Et en quoi la régulation des activités des travailleuses de sexe influencera-t-elle la dynamique du genre et les normes sociales au Bénin ?
La régulation des activités des travailleuses de sexe influencera forcément et les normes sociales peuvent davantage être préservées. Dans des villes comme Cotonou, il y a des écoles et des centres d’apprentissage situés dans les mêmes environnements où ces travailleuses s’exhibent. Réguler cela permettra de renforcer les normes sociales, l’éthique et la protection des jeunes. Cela aura un impact positif sur l’éducation des enfants et des élèves.

Quels sont les impacts réels d’une telle opération sur la réduction des ISTs dans la communauté concernée ?
Cette opération aura des impacts. En recadrant leur profession, en leur assignant des lieux spécifiques et en empêchant qu’elles déambulent dans les rues, cela pourrait réduire les comportements sexuels à risque et, par conséquent, les IST dans les communautés ciblées.

Dans votre posture de socio-anthropologue, pensez-vous que les programmes de sensibilisation sur les risques sanitaires liés au racolage sont suffisants et adaptés aux réalités des travailleuses de sexe ?
En tant que socio-anthropologue, j’ai participé à plusieurs programmes de sensibilisation sur les risques liés aux infections, au VIH et aux IST. Ces sensibilisations visent à expliquer comment se protéger. Je pense qu’on sensibilise aussi les travailleuses de sexe, qui, parfois, prennent des précautions. Cependant, le phénomène persiste et se multiplie. Nous devons orienter les sensibilisations autrement, en montrant à nos jeunes élèves et apprentis que ce phénomène n’est pas une bonne voie.
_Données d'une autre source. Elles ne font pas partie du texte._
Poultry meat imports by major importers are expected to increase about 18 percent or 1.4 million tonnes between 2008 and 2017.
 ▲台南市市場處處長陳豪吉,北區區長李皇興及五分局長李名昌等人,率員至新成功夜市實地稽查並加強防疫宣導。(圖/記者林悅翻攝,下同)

Il ne s’agit pas seulement d’une question de santé, mais aussi de morale.

Pensez-vous que l’opération d’interpellation contribuera réellement aux résultats escomptés ?
Je pense que l’interpellation peut réduire le phénomène, mais à elle seule, elle ne suffira pas à éradiquer complètement le problème. Elle doit se faire dans le respect des droits humains. Les travailleuses de sexe sont des êtres humains, et il est crucial de tenir compte de cela pour agir avec dignité.
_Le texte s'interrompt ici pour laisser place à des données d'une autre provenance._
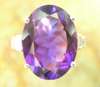 the central claw set large oval cut amethyst, flanked to either side by two graduated baguette cut diamonds

Quel aspect de cette opération pourrait être amélioré pour mieux équilibrer la préservation des valeurs morales, la santé publique et les droits des travailleuses de sexe ?
Je crois que l’aspect de l’interpellation peut être amélioré. Elle doit se faire dans le respect des droits humains. Il ne faut pas les brutaliser ni les malmener, mais plutôt les sensibiliser et réfléchir avec elles sur des moyens d’améliorer leur situation.

Est-ce que d’autres personnes pourraient être touchées par cette opération ?
Oui, je pense que l’activité de la Police Républicaine a un effet dissuasif. Cela pourrait dissuader les jeunes filles qui abandonnent l’école ou qui se lancent dans cette activité.

Peut-on s’arrêter à l’interpellation uniquement ?
La prostitution est une activité millénaire. Il est difficile de la faire disparaître, mais il est possible de la réguler pour qu’elle ne corrompe pas les bonnes mœurs.

Vous le disiez tantôt, la prostitution est le plus vieux métier au monde. Est-ce qu’on peut en finir ?
Je crois qu’il serait difficile de dire qu’on va finir avec la prostitution. La prostitution existe déjà depuis le temps de Jésus et peut-être même bien avant.

Quelle serait votre approche pour traiter les problématiques soulevées par le racolage et le travail de sexe au Bénin ?
Il est important de réguler et de cadrer cette activité pour éviter qu’elle n’affecte les mœurs et l’éducation de nos jeunes. Il faut aussi penser à la réinsertion sociale de ces personnes.

Votre mot de la fin
Je crois que la Police Républicaine mène un travail noble. Cependant, elle doit veiller à respecter les droits humains et à éviter toute forme de violence dans ses actions.